Evenly distribute among serving bowls, garnish with dill and radishes, and serve immediately.

If you prefer a more brothy soup, add 1 more cup of the broth to the mixture. In addition, if you prefer your soup on the chunky side, reserve a bit of the chopped cucumber , and then stir into the pureed soup when ready to serve. If pureeing the soup in a blender, I suggest working in batches. For one, the blender can't hold all of the ingredients, and the cucumber chunks inevitably get clogged in the blades. This technique also allows you to refine the flavor as you work.

Sunday, May 9, 2010

Enticing Enchiladas

I can't get enough of Mexican food. If it not for the fact that my belly would swell in more ways than one were I to feast on it on a nightly basis, I might do just that. I love to cook it, I love to smell it, I love to devour it. The fact that I could run away with an enchilada is why I was oh-so-excited a couple weeks ago when I discovered that the Latitude 22 potluck to which I was invited presented me with an opportunity to spend some quality time with some of my favorite things: corn tortillas, salsa verde, black beans, cilantro, and, perhaps my favorite spice in the world, cumin.
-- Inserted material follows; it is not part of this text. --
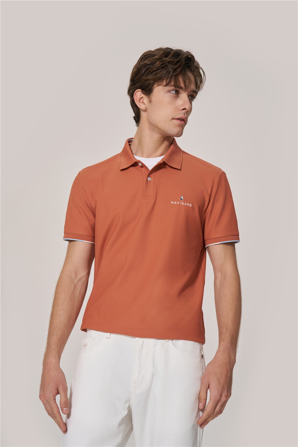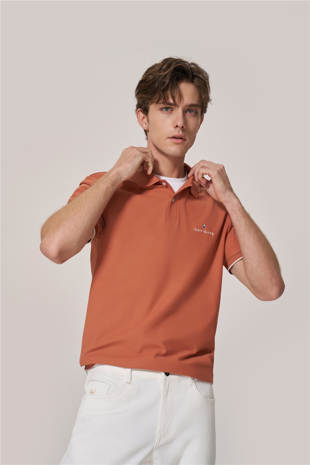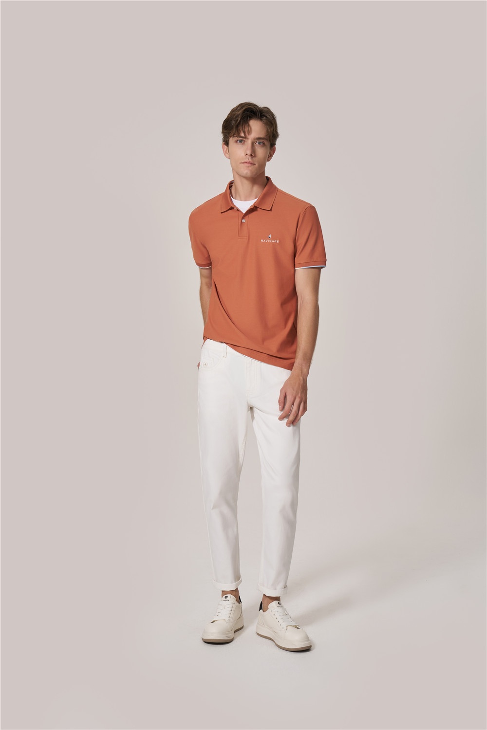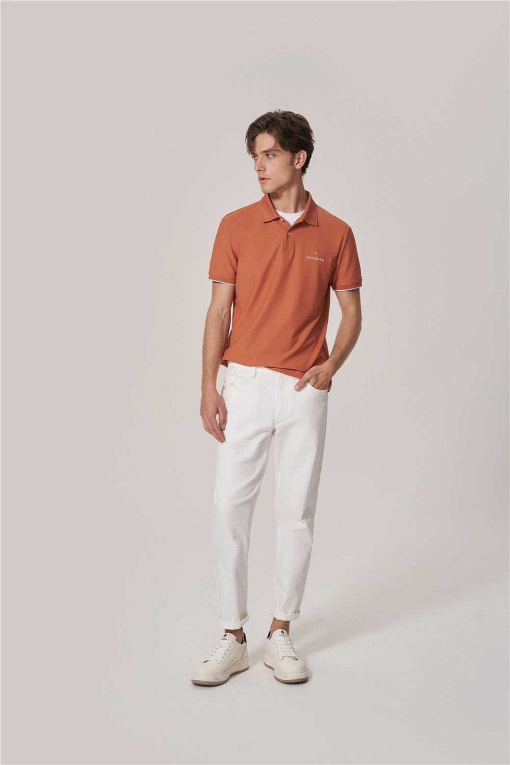 焦糖咖啡棕配色Polo,演繹清新與活力姿態(tài),搭配白色休閑褲,輕盈舒適,張弛有度,在明媚夏日盡情釋放多巴胺,定格每一天都精彩。
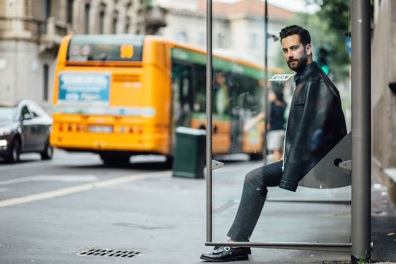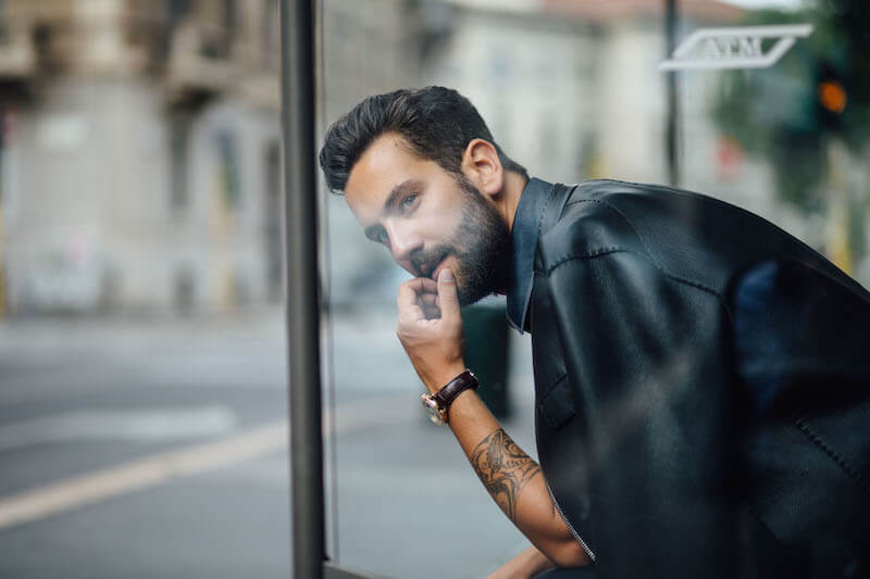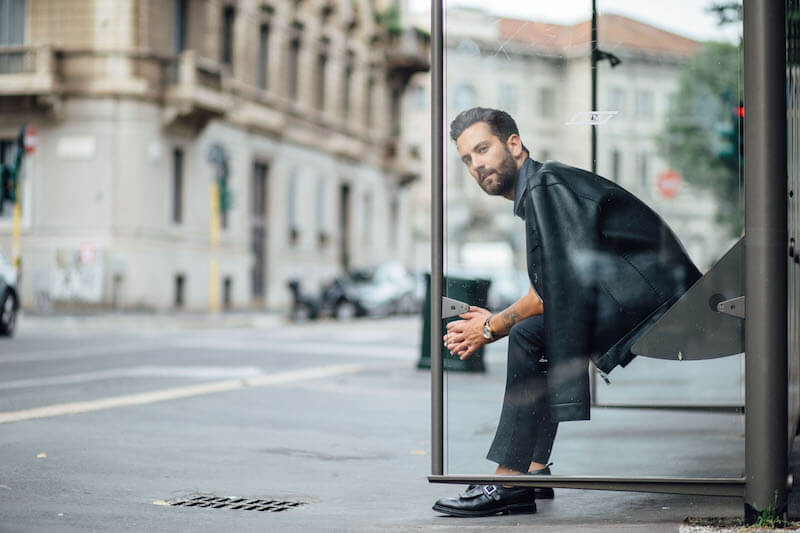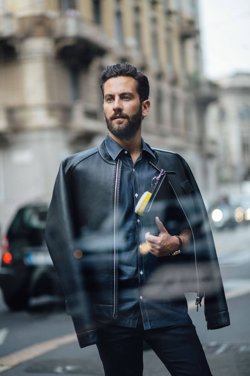 Leather jacket, Denim shirt and Folio: Fendi, Trousers: Dsquared2, Shoes: Brooks Brothers, Watch: Faberge

Before I launch into my recipe, let's talk about what a cool idea a latitude (or longitude, for that matter) themed potluck is. The idea is that you can prepare any type of delicacy, of the cocktail, appetizer, entree, or dessert variety, as long as it is inherent to the cuisine of a country that falls on the given latitude, which, in the case of our friends Shannon and Chad's potluck soiree, happened to be 22. Oh, the possibilities, the diverse array of options. Latitude 22 marches through Chad, Senegal, China, Taiwan, Cambodia, India, Hawaii, and Mexico, just to name a smattering of the locales. The food prepared for and served at the party included some of the tastiest saag paneer and dal this side of Delhi, a peanut sauce laden platter of sauteed spinach inspired by Chad, as well as mango lassi, chai, and a knock your socks off pitcher of mai tais.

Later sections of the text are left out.